The sub-study took patient data from PLATO and used it to work out event rates and thus ultimately a cost-per-quality adjusted life year (QALY) for the drug for one year, using Swedish health care costs. Since PLATO had shown a reduced rate of MI, stroke or death from vascular causes, without a significant increase in the rate of overall bleeding, relative to Plavix, the theoretical health care bill was lower. The study then used "necessary assumptions and external data sources" to extrapolate longer-term QALY data, according to a description in the International Society for Pharmacoeconomics and Outcomes Research's Value in Health journal.

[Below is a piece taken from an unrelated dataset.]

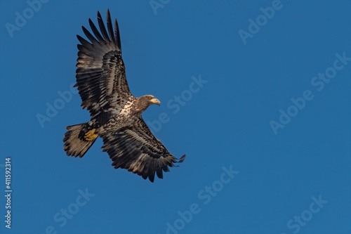 Obraz premium Juvenile Bald Eagle Flying in the Blue Sky over the Susquehanna River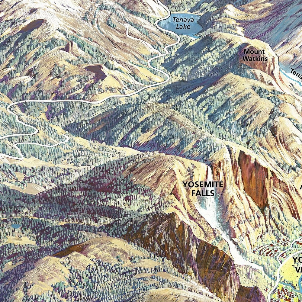At the heart of the scene lies Yosemite Valley, a glacially carved sanctuary where the Merced River winds among meadows and talus. The sheer faces of El Capitan and Half Dome anchor the panorama, their lines heightened by light and shadow to reveal structure and scale. Opposite, North Dome, Sentinel Dome, and Glacier Point map a constellation of vantage points, while Yosemite Falls and Bridalveil Fall cascade in silver threads that animate the granite amphitheater. Roads and trails are elegantly traced, offering orientation without disrupting the sense of wilderness. Labels pinpoint key formations, and Berann’s cloud work subtly lifts the eye from valley floor to rim, conveying both elevation and the drama of changing weather.

The result: Brilinta's cost-per-QALY was in the €2,350-€5,700 range, making it look rather cheap against the backdrop of an informal €25,000-€38,000 cost-per-QALY threshold applied by watchdogs like NICE in England.

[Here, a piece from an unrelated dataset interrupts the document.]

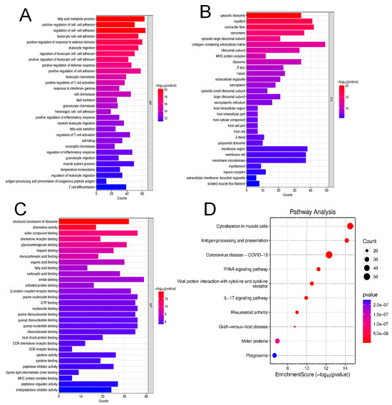 GO analysis of cellular components (Figure 5B) highlighted enrichment in cytosolic ribosomes, extracellular matrix organization, and host cell components, suggesting alterations in cellular structure and interactions. Similarly, molecular function analysis (Figure 5C) identified significant enrichment in structural constituent proteins, receptor binding, and nucleotide binding functions, indicating changes in cellular communication and metabolic activity. KEGG pathway analysis (Figure 5D) confirmed key enrichment in antigen processing and presentation, IL-17 signaling, and pathways related to immune disorders such as rheumatoid arthritis and graft-versus-host disease. Notably, viral protein interactions with cytokine receptors and coronavirus-related pathways were also enriched, suggesting potential interactions with the host’s immune responses.

One of the professors behind the study described this result as "particularly impressive". Whether or not Europe's most important payers agree is still unclear. AZ concurrently announced that Scotland and Denmark had agreed to reimburse Brilique, but these tiny nations alone won't move the needle for the Big Pharma.
Decisions from Europe's biggest markets will. But France's health technology assessor has already requested further data, notably from AZ's response to FDA's complete response letter, delaying its decision (AZ withdrew its submission as a result, but plans to re-submit within months). Cost-effectiveness assessments in the UK and Germany are due to report later this year.

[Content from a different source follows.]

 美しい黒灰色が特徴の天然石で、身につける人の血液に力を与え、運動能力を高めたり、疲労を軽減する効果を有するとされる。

It's unlikely that this particular sub-study will sway NICE's decision. That agency often questions manufacturers' assumptions and models in their cost-effectiveness analyses; like many US payers, it's (probably rightly) skeptical of pharma-sponsored studies. Even the Scottish Medicines Consortium's approval document from April notes that "the manufacturer may have underestimated the potential uptake of this product" in its calculations of the impact of Brilique on the Scots' drug budget.
Meanwhile Germany has one of the highest generic usage rates in Europe and is notoriously harsh in its judgment of what constitutes innovation (and thus warrants a premium price). But it will at least appreciate that AstraZeneca bravely pitted Brilique head-to-head against the relevant competitor in its Phase III trials, rather than trying to get away with a placebo-controlled trial. Indeed, Germany now requires head-to-head trials with existing therapies before it will grant reimbursement at a premium relative to existing treatments.
As such, Gunnar Olssen, head of AZ's CV/GI iMed, reckons the company couldn't have done a lot more to prove Brilique's superiority, and thus its value to patients. "I don't believe in this case we should have done anything differently," he said. "The drug led to a statistically significant reduction in cardiovascular mortality."
At what price, that reduction, though? That's what the payers are asking.
Interesting, but there was nothing "brave" about performing trials with active controls. It would have been completely impossible-- from any regulatory, ethical, or commercial perspective-- to perform a placebo controlled trial in ACS.